BERLIN – The monoclonal antibody satralizumab reduced by 62% relapses of neuromyelitis optica spectrum disorder (NMOSD) over 24 weeks, as compared with placebo.
Michelle Sullivan/Mdedge News
Dr. Takashi Yamamura
Chugai Pharmaceuticals of Tokyo and Roche are codeveloping the molecule. Called a “recycling” antibody, it has been designed to have extended circulation in plasma, Dr. Yamamura said.
The SAkuraSky study randomized 83 patients to placebo or to subcutaneous satralizumab 120 mg at baseline and weeks 2 and 4, and then once a month for 20 months.
Patients in the study had either aquaporin-4–positive NMOSD or neuromyelitis optica with or without aquaporin-4 antibodies.
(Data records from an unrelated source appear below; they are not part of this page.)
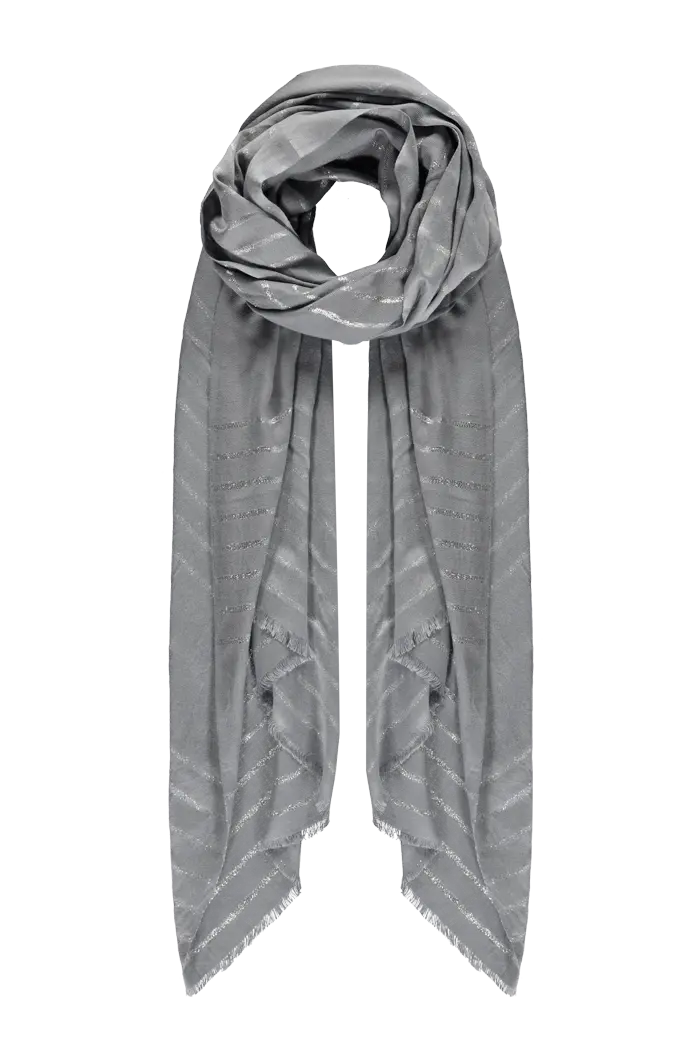 Grijze shawl met zilverkleurige glans – modalmix met lurex. Licht en luchtig, semi-transparant. Een vleugje glans maakt elke outfit chiquer. En: altijd fijn om bij de hand te hebben als je onverwachts een terrasje pakt.
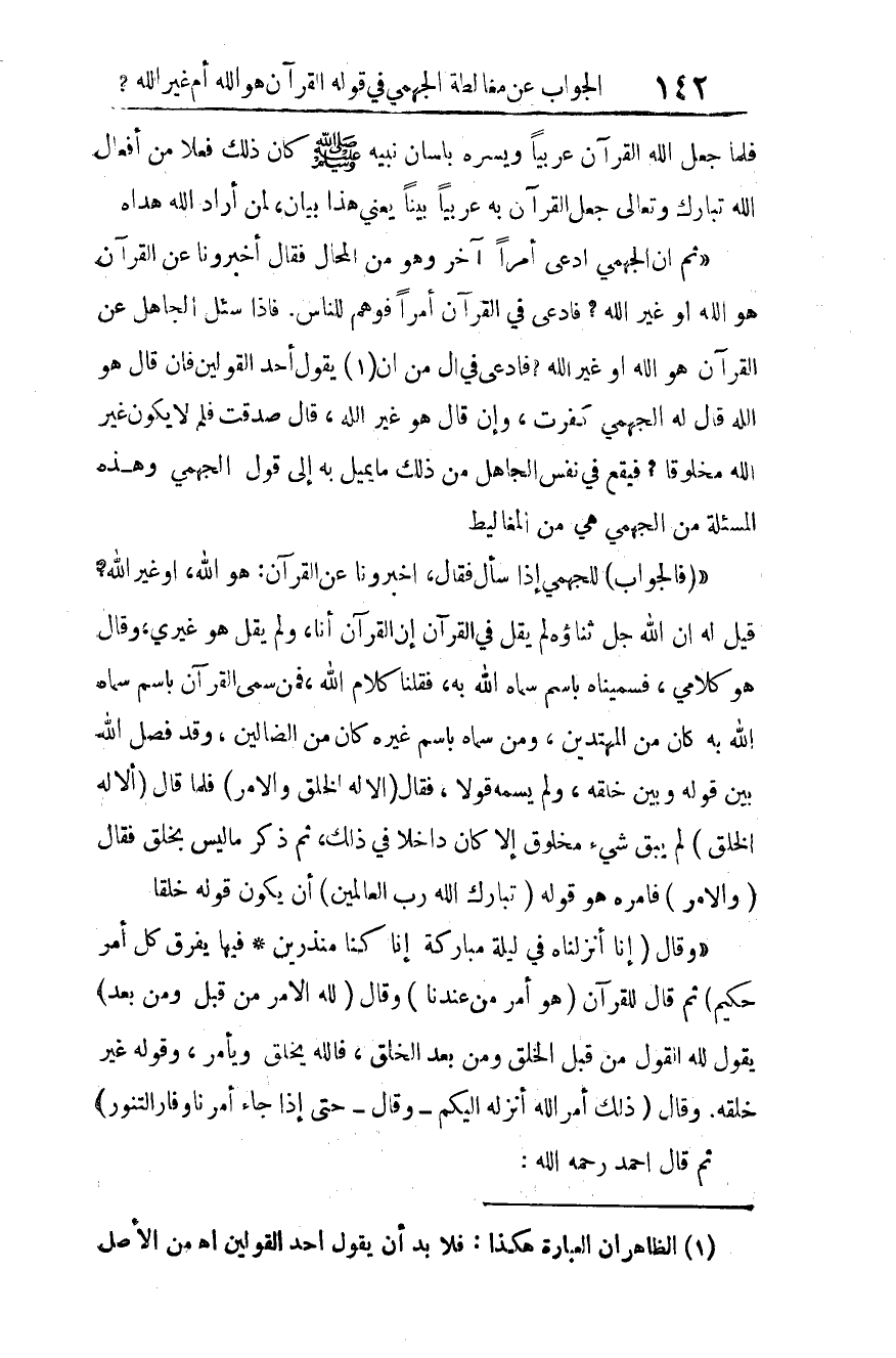 (فالجواب) للجهمي إذا سأل فقال: أخبرونا عن القرآن: هو الله، أو غير الله؟ قيل له: إن الله -جل ثناؤه- لم يقل: في القرآن إن القرآن أنا، ولم يقل: هو غيري، وقال: هو كلامي، فسميناه باسم سمَّاه الله به، فقلنا: كلام الله، فمن سمَّى القرآن باسم سمَّاه الله به كان من المهتدين، ومن سمَّاه باسم غيره كان من الضالين.
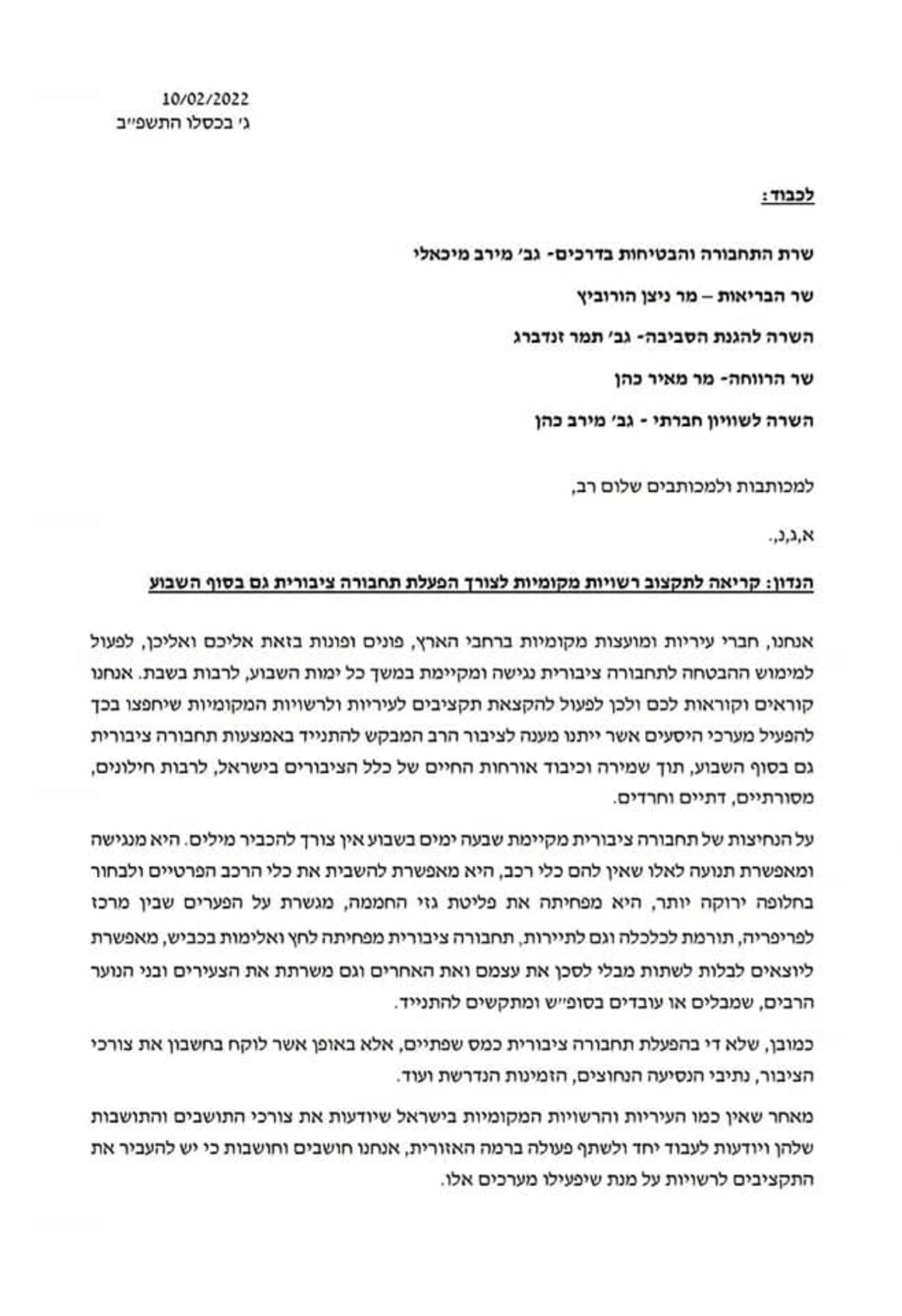 במכתב קוראים חברי המועצה להעברת תקציב לרשויות המקומיות שיאפשר להקים מערך תחבורה ציבורית 7 ימים בשבוע וינגיש אותו לתושבים ללא רכבים. לדבריהם הדבר מהווה תרומה ירוקה בכך שמוריד רכבים מהכבישים ומסייע לתיירות והקישור בין הפריפריה למרכז.
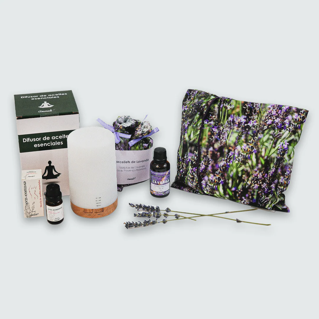 Este pack contiene: 1 Pack con 3 saquitos de Lavanda para armarios, 1 Aceite esencial de Lavanda, 1 Mezcla de Aceites Esenciales Anti-Ansiedad, 1 Difusor de Aceites Esenciales de Sobremesa más 1 cojín relleno de Lavanda de 20 x 20 cm con funda estampada con la foto de la lavanda.
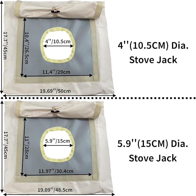 • SIZE OF STOVE JACK: Round hole Dia. :5.85’’. The size of stove jack is 19x19.5 inches.(Have the extra canvas around the outside to glue and sew in)Grey rectangle size:11x11.5 inch. Thickness: About four A4 papers
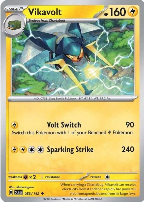 Vikavolt's Pokemon cards are available in at least 3 sets. Vikavolt's biggest 7-day price movers are 2026 Mega Evolution: Ascended Heroes #66/217 Quick Ball Reverse Holo, 2026 Mega Evolution: Ascended Heroes #230/217 Illustration Rare, and 2024 Scarlet & Violet: Stellar Crown #053/142 Base.
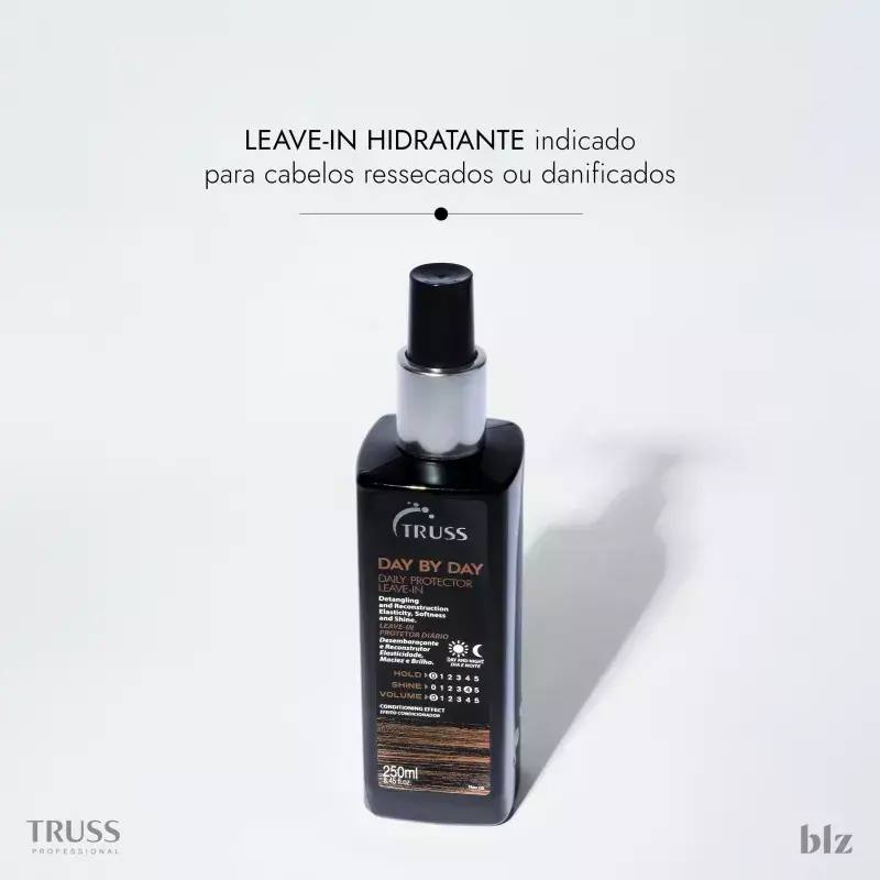 Leave-in para cabelos danificados e ressecados. Truss Day By Day protege os fios, facilita a escovação e reestrutura a fibra capilar.
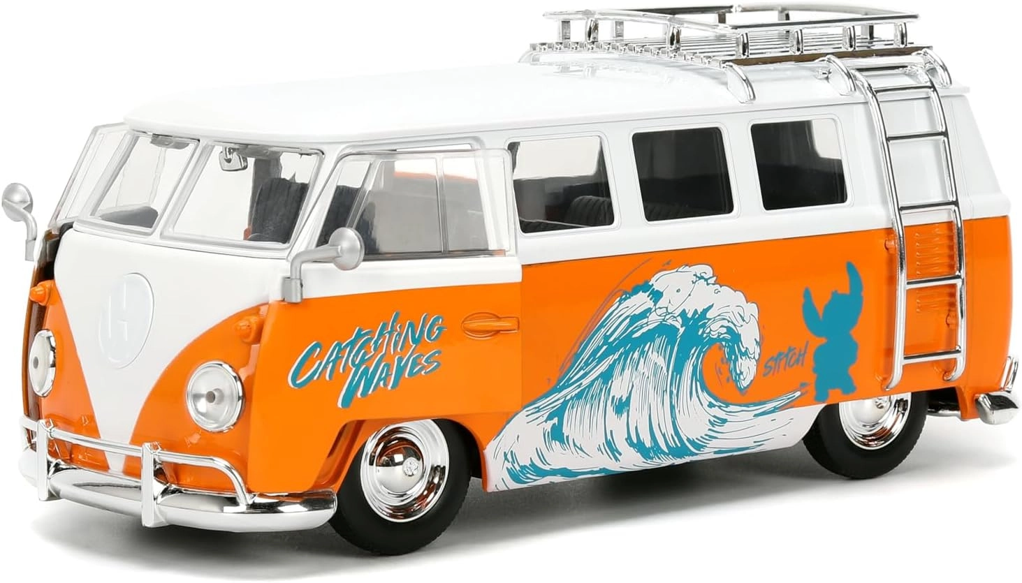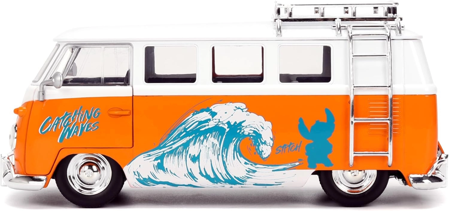 W zestawie 4‑centymetrowa figurka STITCH oraz stylowe nadruki „Catching Waves”, które podkreślają retro charakter pojazdu.

They also had to have experienced at least two relapses in the past 2 years, at least one of which occurred in the last year. The primary endpoint was time to first relapse during the randomized phase.
Patients were a mean of about 42 years old. A total of 64% were diagnosed with neuromyelitis optica and the remainder with NMOSD, with a mean disease duration of about 5 years. Aquaporin-4 antibodies were present in 67%. The baseline annualized relapse rate was 1.4. Baseline medications included azathioprine, mycophenolate, and oral corticosteroids. Patients stayed on these throughout the study.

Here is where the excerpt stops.